What you should do: This calls for a verbatim copy of all the data, with no images carried over.

Source material:
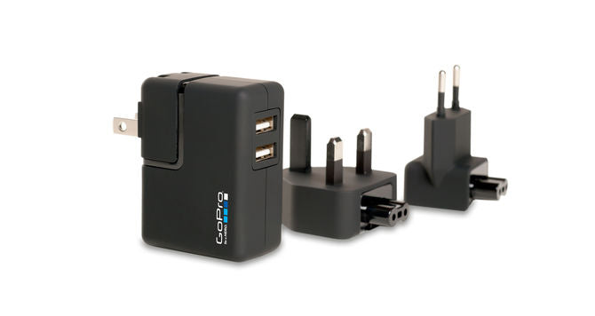 Charge two GoPro cameras simultaneously—anywhere in the world. The GoPro Wall Charger offers 2x faster charging of your GoPro batteries compared to charging with a USB cable and computer, plus you can charge and record simultaneously. Includes interchangeable AC plugs for US, UK, EU and AU style wall sockets.
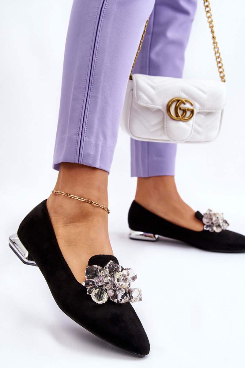 Жіночі лофери з прикрасами на плоскій підошві Black Sloane
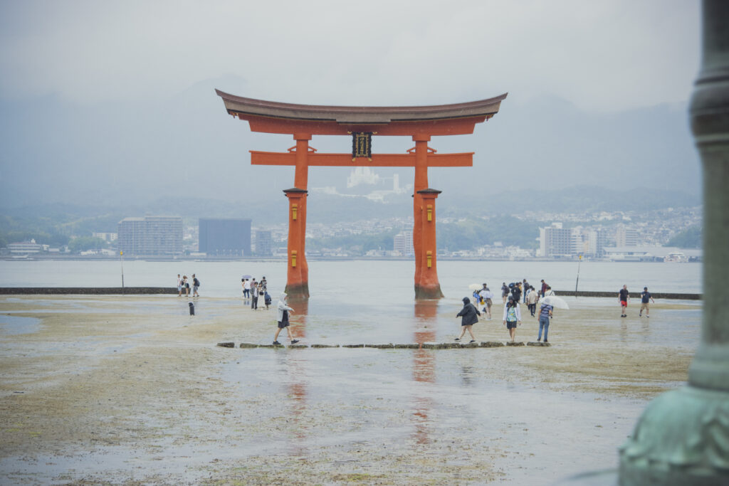 潮が引く干潮時は大鳥居に近づくことができるから、圧倒的なスケールを間近で体感することができるよ☆
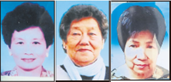 (左起)刘润莲遗照、张宝遗照、罗亚银遗照

Written response:
 Charge two GoPro cameras simultaneously—anywhere in the world. The GoPro Wall Charger offers 2x faster charging of your GoPro batteries compared to charging with a USB cable and computer, plus you can charge and record simultaneously. Includes interchangeable AC plugs for US, UK, EU and AU style wall sockets.
 Жіночі лофери з прикрасами на плоскій підошві Black Sloane
 潮が引く干潮時は大鳥居に近づくことができるから、圧倒的なスケールを間近で体感することができるよ☆
 (左起)刘润莲遗照、张宝遗照、罗亚银遗照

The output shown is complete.